In short, bank capital is trapped. When capital can no longer move across jurisdictions, balance sheets in each region are fixed. It is no surprise that markets have stiffened, and that policymakers now have to stabilise markets more often. The official sector is filling a role that was once left to bank capital.
The best illustration of this is in the repo market, a liquid market with trillions of dollars in daily volumes. Before 2016, repo shocks often spilled across borders. Our analysis shows that when the US market was disrupted, a dislocation normally occurred somewhere in European or UK repo, too. Contagion was global, in this respect, as banks shifted capital towards trouble-spots and out of equivalent activities elsewhere. This spread shocks across multiple jurisdictions, reducing their severity.
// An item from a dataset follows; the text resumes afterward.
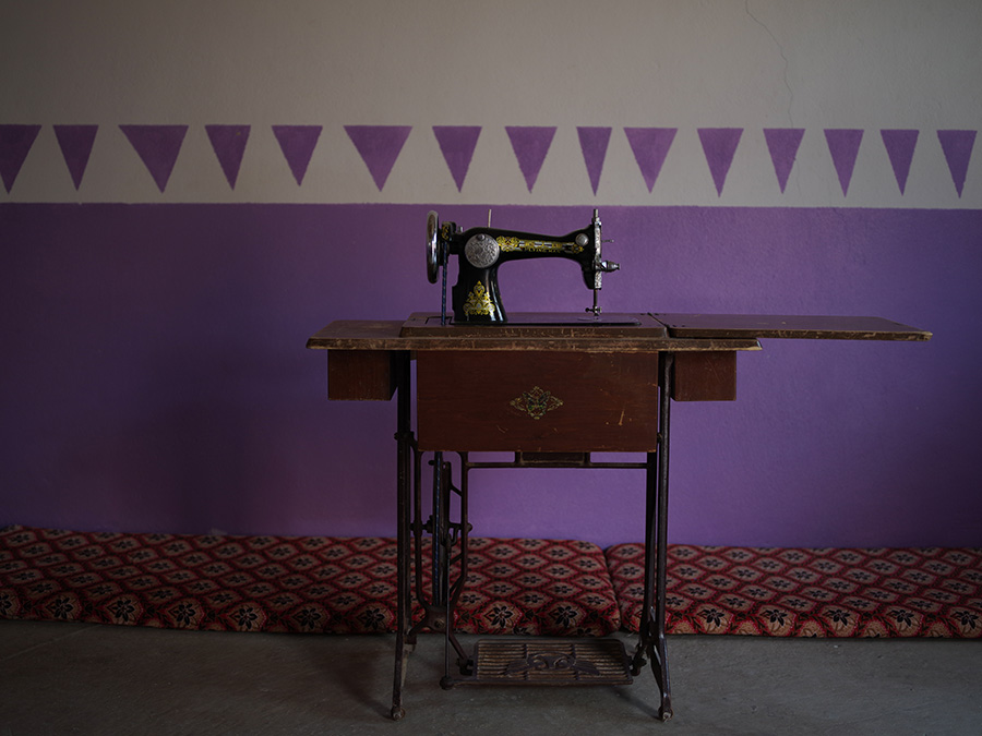 シンガル山麓のカナソール村に暮らしていたヤズディ女性が、1978年に結婚した直後に購入したミシン。2014年8月にISの攻撃によって村が奪還されたが、長年愛用していたこのミシンをイラク国内の避難先に運んできた(2016年7月)©林典子

Now, shocks are more localised. When volatility spikes in US repo, other parts of the front end — including short-dated Treasuries — also experience disruptions. Dislocations in Europe, too, are more likely to affect multiple types of collateral. And as it is now harder for capital buffers to be deployed across borders, the hits are harder. In the US, repo shocks are 26 per cent more frequent than they were pre-2016 and 31 per cent more severe, and tend to last much longer. It’s a similar picture in Europe and the UK.
Further regulations, mandates and constraints are likely to compound this calcification of markets. Among the most significant are the Basel III reforms, due to be phased in from 2025, which look set to push up banks’ capital requirements. This would make it more expensive for banks to intermediate in government bond markets, which would in turn raise costs for participants trying to arbitrage price differences. Persistently wider spreads and lower volumes would add to price and yield volatility — which would increase banks’ regulatory requirements once more.
The US is looking especially vulnerable given that the Treasury market is on course to expand rapidly as federal deficits remain wide. More bonds outstanding implies a greater need for financing and hedging, as well as for transactions in futures and swaps. Market stability is likely to remain under pressure.